Cumartesi Anneleri İnsan Hakları Derneği İstanbul Şubesi Gözaltında Kayıplara Karşı Komisyon tarafından bir açıklama yapıldı.
TÜRKER DEMİRCİ
Gözaltında Kayıplara Karşı Mücadele Haftası’nın açılış VİDEOSU İÇİN TIKLAYINIZ
17-31 Mayıs Uluslararası Gözaltında Kayıplara Karşı Mücadele Haftası’nın açılışı nedeniyle Cumartesi Anneleri İnsan Hakları Derneği İstanbul Şubesi Gözaltında Kayıplara Karşı Komisyon tarafından yapılan açıklamada şöyle denildi:
17-31 Mayıs Uluslararası Gözaltında Kayıplara Karşı Mücadele Haftası’nın açılışı vesilesi ile gerçekleştirdiğimiz bu açıklamamıza; “hakikat ve adalet arayışımız, son kayıp bulunana, son fail cezalandırılana kadar devam edecek” diyerek başlıyoruz.

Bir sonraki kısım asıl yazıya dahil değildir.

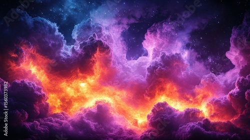 Fiery, vibrant clouds against a starry night sky
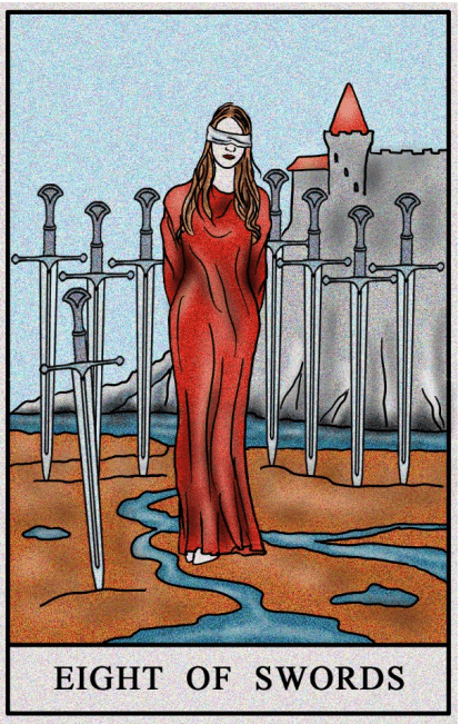 Paraliżujący lęk, poczucie winy oraz błędne koło to centralne elementy, które rysuje karta Osiem Mieczy. Karta ukazuje stan bycia uwięzionym w negatywnych myślach, pułapce ograniczeń, spętania w martwym punkcie, a także niemożności podejmowania decyzji i postępowania naprzód. Jej pojawienie się w rozkładzie sugeruje, że sytuacja nie jest bez wyjścia, ale rozwiązanie wymaga przezwyciężenia uczucia strachu i podjęcia konkretnej akcji zamiast tkwić w poczuciu beznadziei i zniechęcenia.
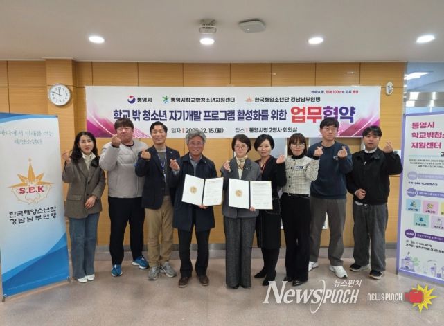 뉴스펀치 김길룡 기자 | 통영시는 지난 15일 통영시청 제2청사 회의실에서 학교 밖 청소년 자기개발 프로그램 지원 강화 및 활성화를 위해 통영시학교밖청소년지원센터(센터장 유정옥)와 한국해양소년단경남남부연맹(연맹장 김정명) 간 업무협약을 체결했다고 밝혔다.
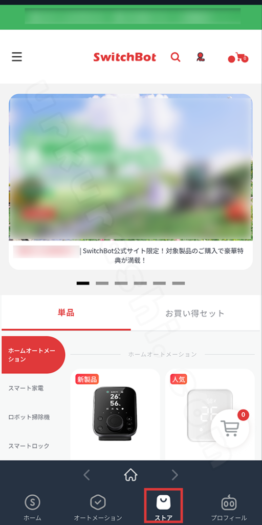 画面下部の「ストア」タブからは、SwitchBot公式ストアへアクセスできます。ログイン状態が維持されているため、スムーズに機器の追加購入が可能です。

Bu yıl corona salgını nedeniyle ağırlıklı olarak sosyal medya üzerinden gerçekleştireceğimiz bir dizi hafta etkinliği ile; uluslararası hukukta insanlığa karşı suç olarak tanımlanan gözaltında kaybetme suçuna, bu suçun işlenmesine imkan yaratan cezasızlık politikalarına, gizlenmeye çalışılan gerçeklere ve bu insanlığa karşı suçun önlenmesi için mücadelenin önemine dikkat çekmeye çalışacağız.
Bilindiği üzere gözaltında kaybetme suçu, despot rejimlerin iş başında olduğu dünyanın pek çok ülkesinde; topluma korku salma, muhalifleri susturma yöntemi olarak yaygın bir biçimde uygulandı.
Yaşadığımız coğrafyada ise aynı neden ve benzer yöntemlerle yüzlerce insan evlerinden, işyerlerinden, tarlalarından,otomobillerinden ,kafelerden, otobüs duraklarından, otobüslerden devletin güvenlik güçlerince gözaltına alındılar ve bir daha geri dönemediler.
Cumartesi Anneleri 2011 yılında dönemin başbakanı Erdoğan tarafından davet edilip kendilerine “sorununuz kabinemin sorunudur” denilse de gözaltında kaybetme pratiğine dair yüzleşme ve hesaplaşma iradesi bugüne kadar gösterilmedi. Kısacası bu topraklarda inkar ve cezasızlık politikaları, iktidarlar değişse de Türkiye’nin temel gerçeği olarak devam etti.
Kayıp yakınları ve İnsan hakları savunucuları olarak Gözaltında Kayıplar Haftası vesilesi ile bir kez daha Devleti yönetenlere sesleniyoruz; devletlere gözaltında kaybetmelerin önlenmesi ve geçmişte yaşanan kaybetmelere dair hakikat ve adalete erişimin sağlanması sorumluluğu getiren BM Bütün Kişilerin Zorla Kaybedilmeden Korunmasına Dair Uluslararası Sözleşme’yi derhal imzalayın ve uygulayın.
Gözaltında kaybetmelerin yaygın bir devlet terörü olarak uygulandığı Türkiye’nin, BM Kayıplar Sözleşmesi’ne taraf olmasının, kayıp vakalarının açığa çıkartılması ve faillerin yargılanması için bir başlangıç oluşturacağını biliyor ve bu talebimizde ısrar ediyoruz.
Geçmişle hesaplaşmanın ve ülkede adaleti sağlamanın ilk ve en önemli adımı olarak gördüğümüz “Gözaltında kaybetme suçunun soruşturulması ve sorumlularının tespit edilerek adalet önüne çıkarılması” konusunda ısrarlı olmaya devam edeceğiz.
Kayıplarımızdan ve kayıplarımızla buluşma mekanımız olan Galatasaray Meydanından asla vazgeçmeyeceğiz.